_Given records:_
↓

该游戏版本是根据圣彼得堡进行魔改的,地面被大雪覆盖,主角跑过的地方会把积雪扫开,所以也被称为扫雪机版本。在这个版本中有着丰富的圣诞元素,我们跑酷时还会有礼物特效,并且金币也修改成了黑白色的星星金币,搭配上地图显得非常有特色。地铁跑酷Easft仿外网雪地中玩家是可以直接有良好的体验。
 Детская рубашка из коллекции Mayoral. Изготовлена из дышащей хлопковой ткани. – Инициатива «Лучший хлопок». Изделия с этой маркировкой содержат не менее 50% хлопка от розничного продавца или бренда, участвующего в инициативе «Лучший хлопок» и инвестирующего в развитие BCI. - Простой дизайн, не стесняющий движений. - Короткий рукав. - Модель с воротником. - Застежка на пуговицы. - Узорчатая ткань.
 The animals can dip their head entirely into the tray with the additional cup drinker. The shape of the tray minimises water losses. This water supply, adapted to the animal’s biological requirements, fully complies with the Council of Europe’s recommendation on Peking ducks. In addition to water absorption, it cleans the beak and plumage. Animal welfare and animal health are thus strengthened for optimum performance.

↑
↓

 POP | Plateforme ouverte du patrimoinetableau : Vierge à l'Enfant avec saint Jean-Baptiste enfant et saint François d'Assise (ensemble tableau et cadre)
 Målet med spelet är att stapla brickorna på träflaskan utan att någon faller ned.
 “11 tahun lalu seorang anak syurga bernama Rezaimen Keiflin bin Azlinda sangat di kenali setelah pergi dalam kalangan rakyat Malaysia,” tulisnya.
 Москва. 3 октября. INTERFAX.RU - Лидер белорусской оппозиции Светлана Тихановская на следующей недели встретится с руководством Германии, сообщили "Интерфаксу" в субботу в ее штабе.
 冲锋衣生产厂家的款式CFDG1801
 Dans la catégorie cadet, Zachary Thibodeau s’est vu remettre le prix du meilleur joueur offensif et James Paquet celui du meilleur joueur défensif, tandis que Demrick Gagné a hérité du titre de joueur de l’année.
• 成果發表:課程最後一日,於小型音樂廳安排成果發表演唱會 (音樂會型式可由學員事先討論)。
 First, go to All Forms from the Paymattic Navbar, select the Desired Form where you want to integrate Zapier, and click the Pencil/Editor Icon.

↑

_Task to carry out:_ Exactly the lines above from the one with "tahun lalu seorang" to the one with "冲锋衣生产厂家的款式CFDG1801", both included, are to be quoted; leave the rest out.

_Finished exercise:_
 “11 tahun lalu seorang anak syurga bernama Rezaimen Keiflin bin Azlinda sangat di kenali setelah pergi dalam kalangan rakyat Malaysia,” tulisnya.
 Москва. 3 октября. INTERFAX.RU - Лидер белорусской оппозиции Светлана Тихановская на следующей недели встретится с руководством Германии, сообщили "Интерфаксу" в субботу в ее штабе.
 冲锋衣生产厂家的款式CFDG1801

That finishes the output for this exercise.